The custom cluster-dashboard (the same FastAPI + React app you saw earlier) has a dedicated HF Browse tab that searches HuggingFace's API (via the Nexus mirror), shows model family / size / quantization metadata, and exposes a one-click Pack + Push action that drives kit pack + kit push against the model the user selected. The output lands in Harbor; llama-swap's config picks it up by name. No manual wget of GGUF files, no manual cosign sign. The dashboard wraps it all behind buttons. The Models Library tab is the read-side: a unified view across the local HuggingFace cache, the Ollama-format weights cache, and the Harbor ModelKit registry, so you can see at a glance what's "available locally", what's "in Harbor", and what's "just out there". Click load, the right backend gets pinged.

GitOps: the rest of it is code

Everything that isn't a model is in Forgejo at git.ozteklab.com/ozteklab/infra and rolled out by Flux v2 (K3s) or a small deploy.sh + placeholder render pattern (Docker hosts + TrueNAS apps). Secrets live in OpenBao (a Vault-compatible fork) at secret/*, and the deploy scripts pull them at render time using __OPENBAO_<key>__ placeholders, never committed to git. Three things this buys you, all of which I rely on weekly:

Reproducible disasters. When RustFS went down twice on 2026-05-20 + 21 (image-layer corruption on the TrueNAS Docker overlay), the recovery wasn't "remember what I did last time", it was "run the runbook + read the GitOps manifest + redeploy". The whole thing was back in 5 minutes the second time, vs ~30 the first.
Atomic rollbacks. git revert on a misconfigured otelcol pipeline rolled the whole observability fan-out back to the previous state in under a minute. Flux reconciled, otelcol restarted, dashboards live again.
Audit trail by accident. Every change is a commit.
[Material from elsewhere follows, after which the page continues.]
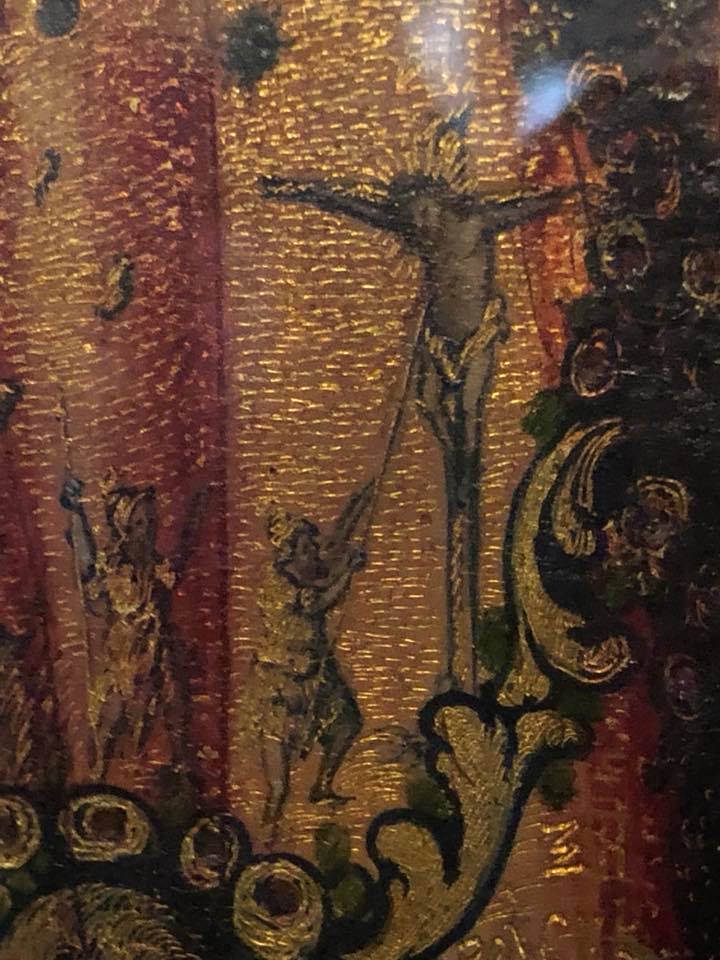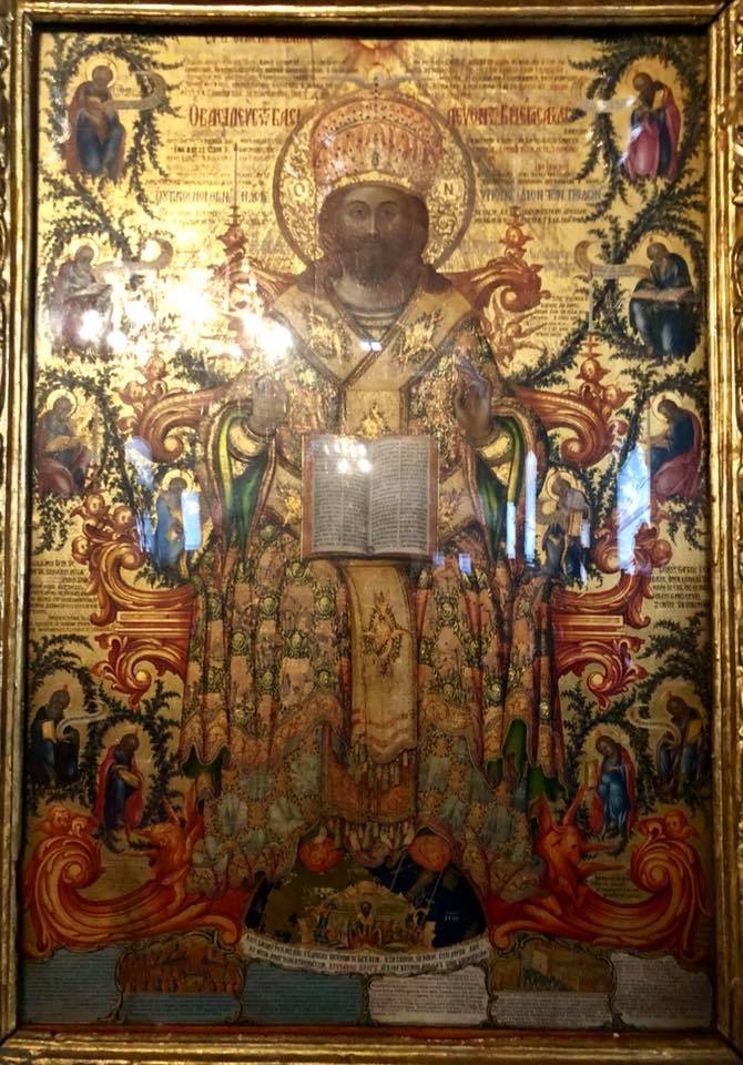 “Has never seen anything quite like the icons of the Iconostasis of the Cathedral of St John the Evangelist in Nicosia. They were completed around the year 1800. The following photos are of Christ. There wasn’t enough time to take similar photos of the Theotokos, John the Baptist and John the Evangelist, but they are similar in their strangeness. They are all covered with text, and loaded with miniatures that only reveal themselves under great scrutiny. As they are protected by reflective glass, it’s difficult to capture them with complete clarity. The miniatures of scenes from the life of Christ are “embroidered” in his vestments, and are smaller than a man’s thumbnail.” – Metropolitan Savas Zembillas of Pittsburgh.

When a kube-vip flap chronic-fix landed back in May, the why-and-when was sitting right there in the commit message (memory: kube-vip chronic flap recipe for the curious).

The reason I'm bothering with all of this for what is, after all, a hobby AI cluster, is that a half-built lab teaches you the wrong lessons. If the lab doesn't model the supply chain properly, the dashboards you build on top of it don't measure anything that translates back to a real platform. Harbor + KitOps + Nexus + Flux + OpenBao isn't overkill for "just AI inference", it's the price of having the lab behave like a small platform team's environment, with all the same audit, rollback, and reproducibility expectations. The lab pays for itself the first time something breaks at 2 a.m. and the runbook is git pull && flux reconcile.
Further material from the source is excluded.